Glucocorticoid Receptor (NR3C1) Variants Associate with the Muscle Strength and Size Response to Resistance Training.

Glucocorticoid receptor (NR3C1) polymorphisms associate with obesity, muscle strength, and cortisol sensitivity. We examined associations among four NR3C1 polymorphisms and the muscle response to resistance training (RT). European-American adults (n = 602, 23.8±0.4yr) completed a 12 week unilateral arm RT program. Maximum voluntary contraction (MVC) assessed isometric strength (kg) and MRI assessed biceps size (cm2) pre- and post-resistance training. Subjects were genotyped for NR3C1 -2722G>A, -1887G>A, -1017T>C, and +363A>G. Men carrying the -2722G allele gained less relative MVC (17.3±1.2vs33.5±6.1%) (p = 0.010) than AA homozygotes; men with -1887GG gained greater relative MVC than A allele carriers (19.6±1.4vs13.2±2.3%) (p = 0.016). Women carrying the -1017T allele gained greater relative size (18.7±0.5vs16.1±0.9%) (p = 0.016) than CC homozygotes. We found sex-specific NR3C1 associations with the muscle strength and size response to RT. Future studies should investigate whether these associations are partially explained by cortisol's actions in muscle tissue as they interact with sex differences in cortisol production.

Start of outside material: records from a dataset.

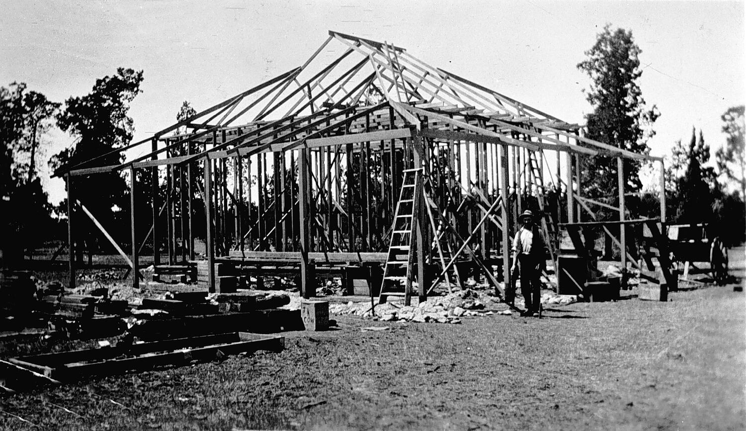 A man building his farm house. The house was later moved into cowangie.
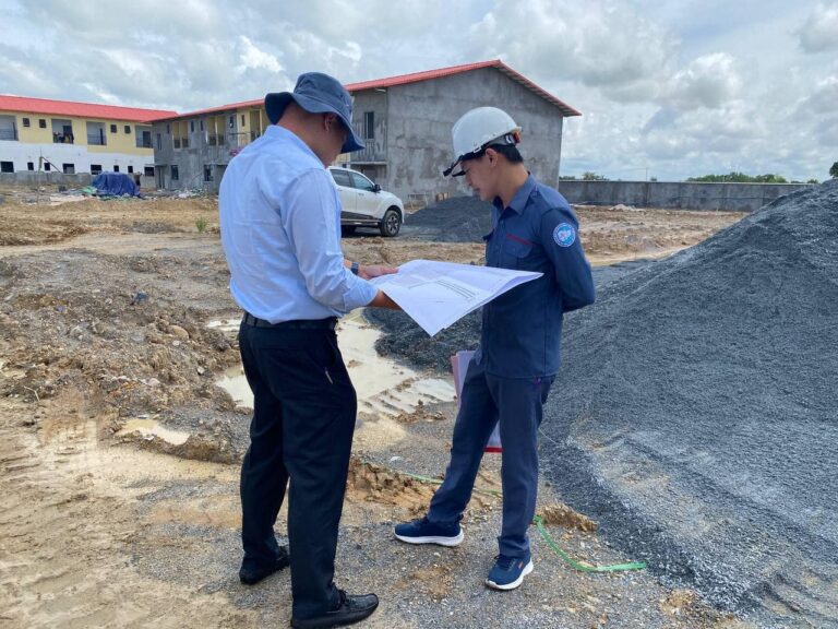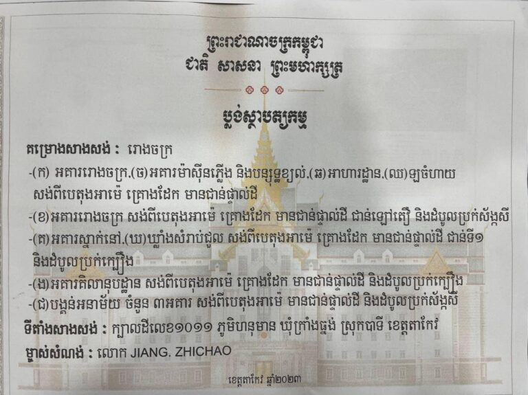 The Construction Department of the General Department of Construction inspected the construction site of Mr. JIANG ZHICHAO's factory building located at land plot number 1011, Hanumean village, Kraing Thanong commune, Bati district, Takeo province, according to the request to open the site by the owner of the construction, which has a construction permit number 346 DNS/ASN dated August 18, 2023.
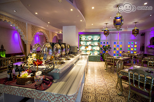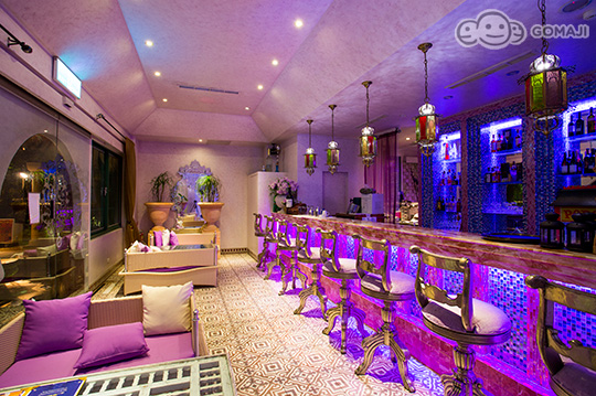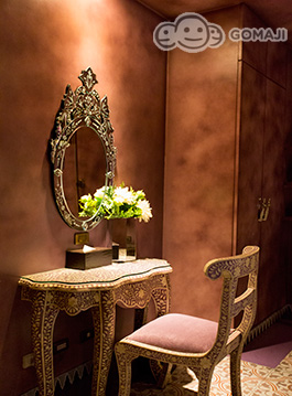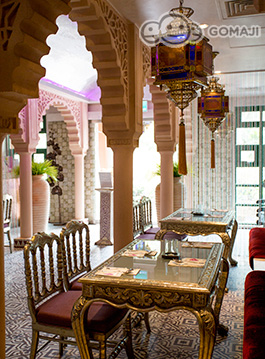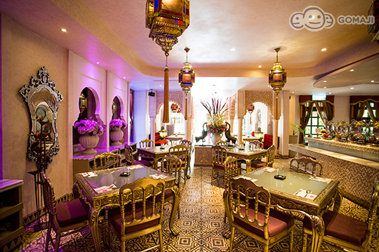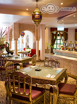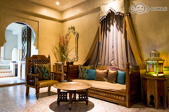 索維拉城 Essaouira 是摩洛哥西部極富盛名的旅遊重鎮,亞曼達附設餐廳以索維拉城命名之,全室浪漫淡紫色牆面,搭配銀箔包覆雕花傢俱,以淡淡的法式風情,混搭摩洛哥皇室奢華。
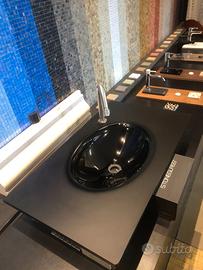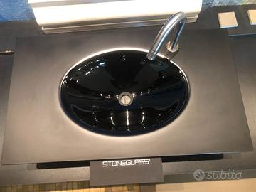 Piano lavabo nero ( piano e nero opaco , lavabo nero lucido ) monolitico in stonglass, misura 90x51 cm., spessore 2 cm. , senza rubinetto

Myostatin and follistatin polymorphisms interact with muscle phenotypes and ethnicity.

PURPOSE: We examined associations among myostatin (MSTN) 2379 A > G and 163 G > A and follistatin (FST) -5003 A > T and -833 G > T single nucleotide polymorphisms (SNP) on the muscle size and the strength response to resistance training (RT). METHODS: Subjects (n = 645, age = 24.1 +/- 0.2 yr, body mass index [BMI] = 24.2 +/- 0.2 kg x m(-2)) self-disclosed themselves as Caucasian (78.9%), African American (3.6%), Asian (8.4%), Hispanic (5.0%), or Other (4.2%). They were genotyped for MSTN 2379 A > G (n = 645), MSTN 163 G > A (n = 639), FST -5003 A > T (n = 580), and FST -833 G > T (n = 603). We assessed dynamic (one repetition maximum [1RM]) and isometric (maximum voluntary contraction [MVC]) muscle strength and size (cross-sectional area [CSA]) of the elbow flexors before and after 12 wk of unilateral upper-arm RT. Repeated-measures ANCOVA tested associations among genetic variants and muscle phenotypes with age and BMI as covariates. RESULTS: Baseline MVC was greater among African Americans who were carriers of the MSTN G(2379) allele (AG/GG, n = 15) than the A2379A homozygotes (n = 8; 64.2 +/- 6.8 vs 49.8 +/- 8.7 kg). African Americans who were carriers of the FST T(-5003) allele (n = 12) had greater baseline 1RM (11.9 +/- 0.7 vs 8.8 +/- 0.5 kg) and CSA (24.4 +/- 1.3 vs 19.1 +/- 1.2 cm(2)) than African Americans with the A-5003A genotype (n = 14; P < 0.05). No MSTN or FST genotype and muscle phenotype associations were found among the other ethnic groups (P >or= 0.05). CONCLUSION: MSTN 2379 A > G and FST -5003 A > T were associated with baseline muscle strength and size among African Americans only. These ethnic-specific associations are hypothesis generating and should be confirmed in a larger sample of African Americans.